Peace Run inspires kindness, connection locally

Peace Run inspires kindness, connection locally

Deirdre Bird, of Lincoln, hoists a torch while addressing a group of local runners who participated in this year’s Sri Chinmoy Peace Run. The runners met on the Sri Chinmoy Peace Bridge that runs over the Blackstone River in Pawtucket. (Breeze photo by Nicole Dotzenrod)

PAWTUCKET – There’s nothing quite as empowering as running with a torch held out before you, but Brian Mulligan, of Providence, said it’s not the torch that energizes him to run mile after mile, but the positive energy coming from his fellow runners that encourages him to keep going.

Mulligan was among a small group of local runners, including Cumberland Mayor Jeff Mutter, who participated in an altered version of the Sri Chinmoy Oneness Home Peace Run this year.

The global torch relay was founded in 1987 to spread Chinmoy’s message that “world peace begins within the heart of each of us,” a message this year’s participants said is gravely needed.

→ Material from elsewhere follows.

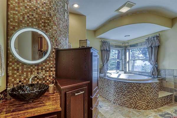 Deborah Kerns, Team Pagosa Realty Group, C: 970-749-0986, deborah@teampagosa.com, www.crenmls.com: One of a Kind Amazingly BEAUTIFUL Luxury CUSTOM home overlooking Echo Lake as well as Breathtaking North & East Range Mountain views. You will Love the peace & tranquility this home gives you situated at the cul de sac on the hill amongst the Beautiful Mature trees, it also features a large circle drive & extra parking for your friends & family. You will appreciate the Luxury lifestyle this home exudes. Furnished with upscale furnishings. First Impression is exceptional as you enter the foyer with ledgestone, cedar & wall of windows on both sides you will see the mountain views and turn back to see the lake views, look down at the custom flooring with river rock pebbles depicting a meandering river, then you will enter the den with a see through gas fireplace into the huge great room with New custom wood windows with unobstructed lake & mountain views, high vaulted ceilings to make it light and bright. American Black Walnut wood features. The Gourmet Chefs kitchen features custom granite and onyx counters, custom cabinetry, electric range top and double wall ovens and the walk-in butlers pantry features ample counter & cabinet space, an abundance of prep space, a large walk-in broom closet. Large breakfast nook with custom featured ceiling plus a separate niche for the children, each room features a door out to the huge wrap around balcony and patios for entertaining. Just up a few steps is the primary ensuite with many quality features, the bed is set to over look the lake it also features its own private balcony, the huge custom walk-in closet also features a full sized washer and dryer, huge round tub sits along windows for the mountain views, large walk-in tile surround shower, double vanity with an abundance of custom cabinetry & extra storage, private water closet. Back to the other side of the foyer Just up another few steps in an office with a wall of windows and a huge ensuite that will sleep 4 or more, and also a 3/4 bath with custom tile surround shower, sink and toilet, Custom closet and more windows!!This home has a central vac system and is currently set up with SMART features. The lower level features a family room/den with wet bar/kitchenette with door out to the covered patio with more majestic views of the mountains and Echo Lake. The 2nd primary ensuite with tile surround walk-in shower, separate tub, custom built in vanity and water closet around the corner, plus Huge custom walk-in closet The HEATED oversized 2 car garage is attached to the home... You can fish/paddle board/kayak etc.. every day at Echo Lake. This home is one of a kind, very custom, you will LOVE IT!!!!
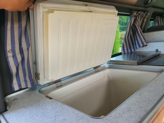 El uso de fibra de vidrio hace que el plástico del techo de esta caravana Westfalia sea resistente al granizo.

The event is typically held every two years, relay style, with participants passing the flaming torch from hand to hand and community to community. This year, due to the coronavirus, small groups of runners from around the world have organized more condensed events, and individual runners have dedicated their miles to the Peace Run.

“All peace-loving people and those who want to spread more harmony and kindness in the world,” said Sharika Maria Xavier, of Pawtucket, who organized the event locally.

Standing on Pawtucket’s Main Street bridge overlooking the falls near Slater Mill last Thursday, international Peace Run advocate Harita Davies spoke about the significance of the run, especially during such turbulent times worldwide. The bridge is one of several Sri Chinmoy Peace Bridges, including the historic Broad Street arch bridge in Cumberland and Central Falls.

Davies, a New Yorker originally from New Zealand, said participating in the Peace Run helps her remember that “if we start with finding peace within ourselves and then share that pace with the community, we can take responsibility for making the world a better place.”

“Peace is not out of reach when we start with ourselves. As individuals, we can make a difference instead of being at the mercy of world leaders,” she said.

Davies said the run has introduced her to “amazing people every day who are doing so much good for their communities, connecting people and bringing them together.”

She said more than 100 runners from around the world participated this year, dedicating miles to the Peace Run. In all, she said the event usually covers about 10,000 miles, but this year covered about 20,000.

“We had people in 20 countries continuously dedicating their miles to the run and sharing their messages of hope and peace,” she said.

Deirdre Bird, of Lincoln, said she and Mulligan have participated in the run every other year for more than a decade.

“I really enjoy the energy that comes from carrying the torch. You can keep going and going, running across the state as we’ve done before,” she said. Her participation in the run, she said, helps remind her that “when we feel better about ourselves, we feel better about the world around us.”

Mutter, who ran from Cumberland to Pawtucket for the dedication ceremony, said when researching the Peace Run, he realized that the event has both an athletic component and a spiritual one.

“We’re advocating for peace globally, but the only way to do that is to have that inner peace within ourselves first, and to be more tolerant, empathetic and understanding of the things happening to all of us,” he said.

Carlos Lopez Estrada, Pawtucket Mayor Donald Grebien’s deputy director of administration, welcomed the runners to Pawtucket and said an event that promotes peace and understanding is “something we need a lot more of in this world.”

“The Peace Run highlights the need for understanding and dialogue, and finding peaceful ways to deal with situations in our cities and towns,” he said.